_Exercise objective_:
The required answer is an exact copy of the lines from the one containing "ERGO K860, et" to the end of the listing, both included, without any pictures.

_Information provided_:

☆ ☆ ☆ ☆ ☆ ☆ ☆

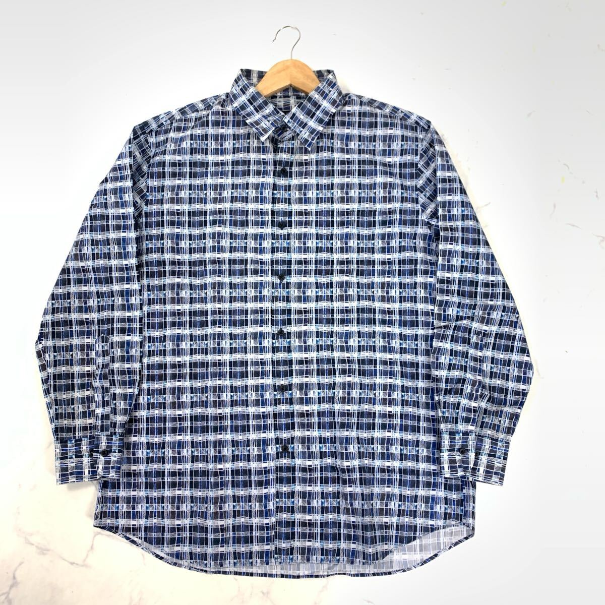 - ランバンコレクション 総柄 チェック 長袖シャツ ブルー LB YA9259
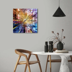 - Une vision dynamique de la ville sous une forme abstraite, avec des effets de lumière et des couleurs vibrantes. Un motif moderne qui apporte énergie et style à tout intérieur.
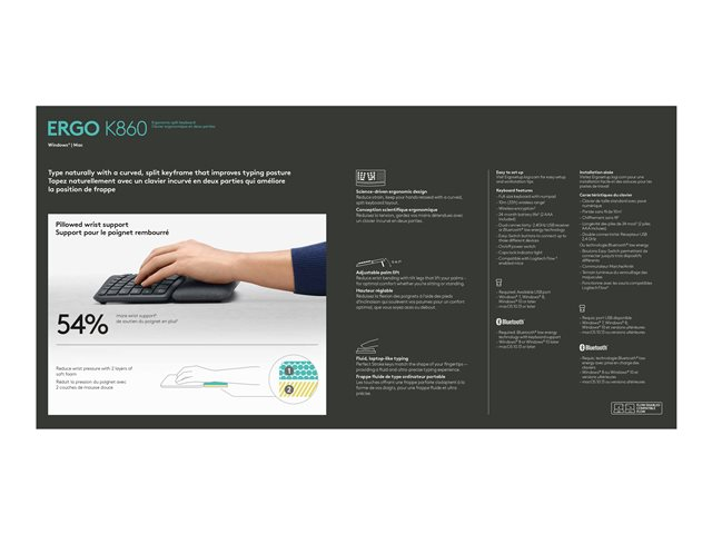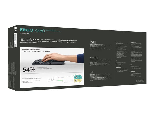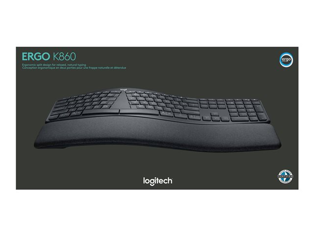 ERGO K860, et opdelt ergonomisk tastatur designet til bedre skrivestilling, mindre belastning og mere støtte.
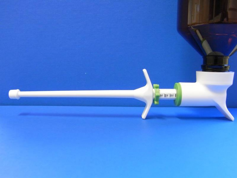 Long nozzle of 120 mm. Adjustable dosage from 1 to 3 ml. For thick and viscous products. Suitable for large size animals. Neck finish diameter of 28 mm. Bottle on request.

☆ ☆ ☆ ☆ ☆ ☆ ☆

_Solution below_:
 ERGO K860, et opdelt ergonomisk tastatur designet til bedre skrivestilling, mindre belastning og mere støtte.
 Long nozzle of 120 mm. Adjustable dosage from 1 to 3 ml. For thick and viscous products. Suitable for large size animals. Neck finish diameter of 28 mm. Bottle on request.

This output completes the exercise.